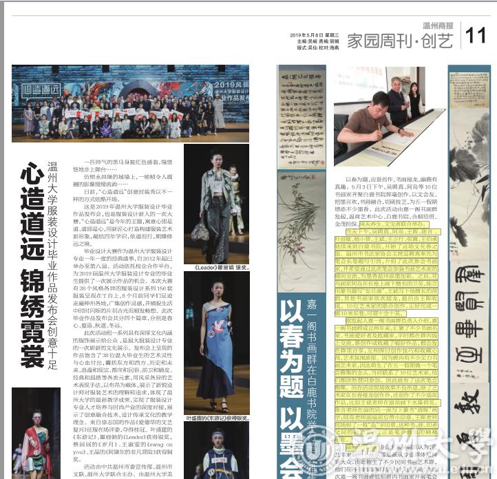 活动由中共温州市委宣传部、温州市文联、日本a片 联合主办。由日本a片 美术与设计学院、浙江风笛服饰有限公司、温州时尚学院合作承办。商报记者郑丽娟
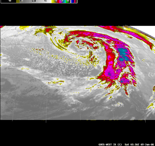 ![]() The January 2008 North American Superstorm nearing peak intensity, on January 4, 2008 | |
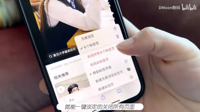 长按右下角——关闭所有标签页(长按无痕浏览)
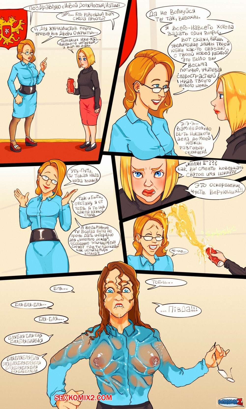 Порно комикс Вкусное Интервью Во время интервью две горячие красотки чертовски возбудились и решили повеселиться. Брюнеточка раздела блондинку и поставила сучку раком, после чего хорошенько отлизала ее пизденку.
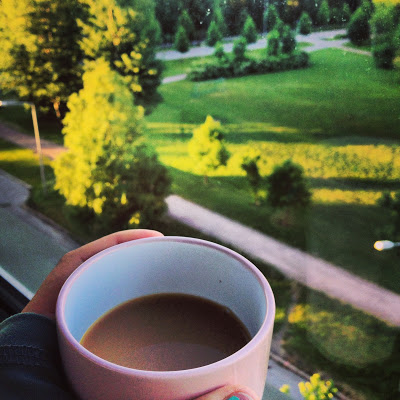 Herätyskello herätti upeaan pilvettömään säähän klo 05. Kahvi tippumaan, tavaroita kasaan. Kerkesin nauttimaan kupillisen kahvia parvekkeellamme auringon paisteessa. Joogamatto rullalle, vesipulloon vettä ja lämmintä päälle. Edessä olisi aamujoogatunti ihanan kollegani kanssa. Hän on joogannut pitempään ja olin ilmoittanut hänelle haluavani seuraavalle kerralle mukaan. Tänään oli tuo päivä.
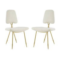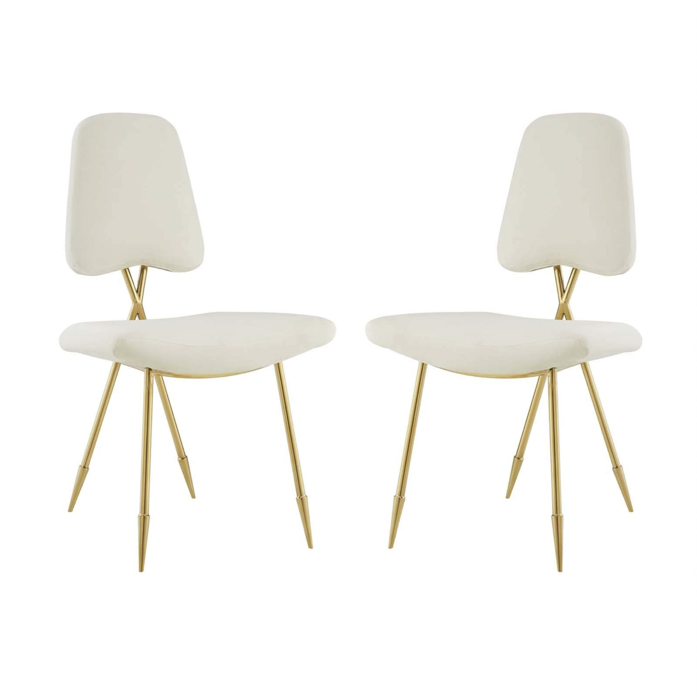 Survey Your Surroundings With Confidence With The Ponder Dining Side Chair. Ponders Padded High-Density Foam Seat Gently Slopes Upward Providing Embracing Comfort While The Tapered Back Provides Ergonomic Support. Finely Upholstered In Luxuriously Soft Velvet, And Supported By A Sturdy Gold Stainless Steel Frame With Four Angled Mid-Century Toothpick Legs, Ponder Makes A Striking Statement. Accentuate Your Modern Decor With A Contemporary Side Chair That Elevates Any Empty Area Of Your Home.Set Includes:Two - Ponder Dining Side Chair
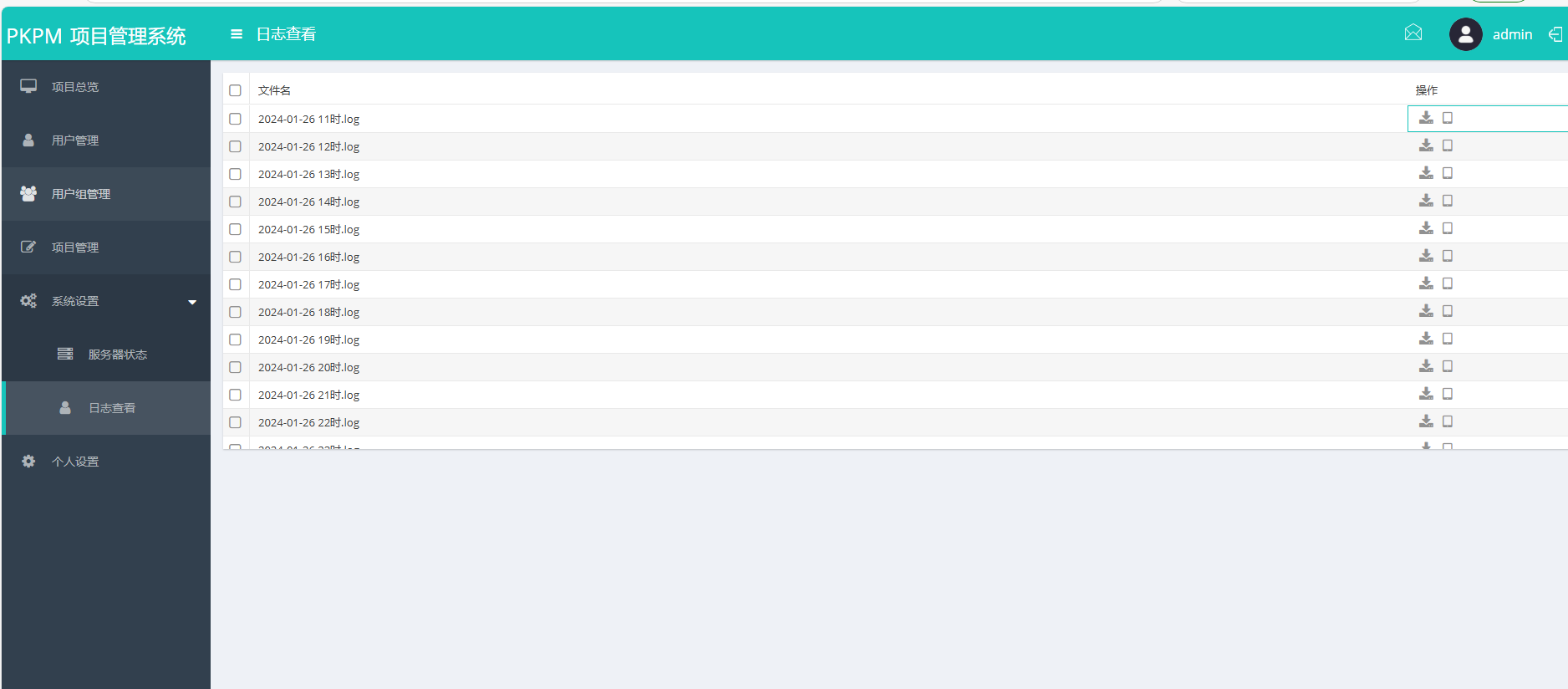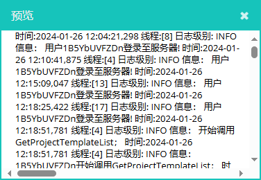 目录 搜索 展开 首页乘车路线网页端管理系统项目总览用户管理用户组管理项目管理项目管理文件夹管理模型管理系统设置服务器状态日志查看个人设置客户端协同工作客户端协同工作打开团队项目解锁上传上传下载权限管理批量锁定锁定当前专业查看构件权限恢复原色显示打开项目消息服务端综合管理系统服务器中安装的程序及流程协同服务配置小工具、打开协同管理系统配置协同服务、清空缓存、退出 暂无相关搜索结果! 日志查看 功能介绍可查看系统中的log日志文件,当服务器发生问题时可查看日志追溯问题及时处理。 使用说明点击左侧系统设置-日志查看按钮,显示页面如图1,可以看到项目管理系统中的log日志文件。 <下载>:点击日志列表右侧的下载按钮,可下载log文件; <预览>:点击日志列表右侧的预览按钮,可预览选中的log文件,如图2。 图1 日志查看界面 图2 日志文件预览

### Exercise prompt
Skip the pictures. Restate exactly the lines from the start of the entries through the line containing "长按右下角——关闭所有标签页(长按无痕浏览)", both ends included.

### Written solution
 活动由中共温州市委宣传部、温州市文联、日本a片 联合主办。由日本a片 美术与设计学院、浙江风笛服饰有限公司、温州时尚学院合作承办。商报记者郑丽娟
 ![]() The January 2008 North American Superstorm nearing peak intensity, on January 4, 2008 | |
 长按右下角——关闭所有标签页(长按无痕浏览)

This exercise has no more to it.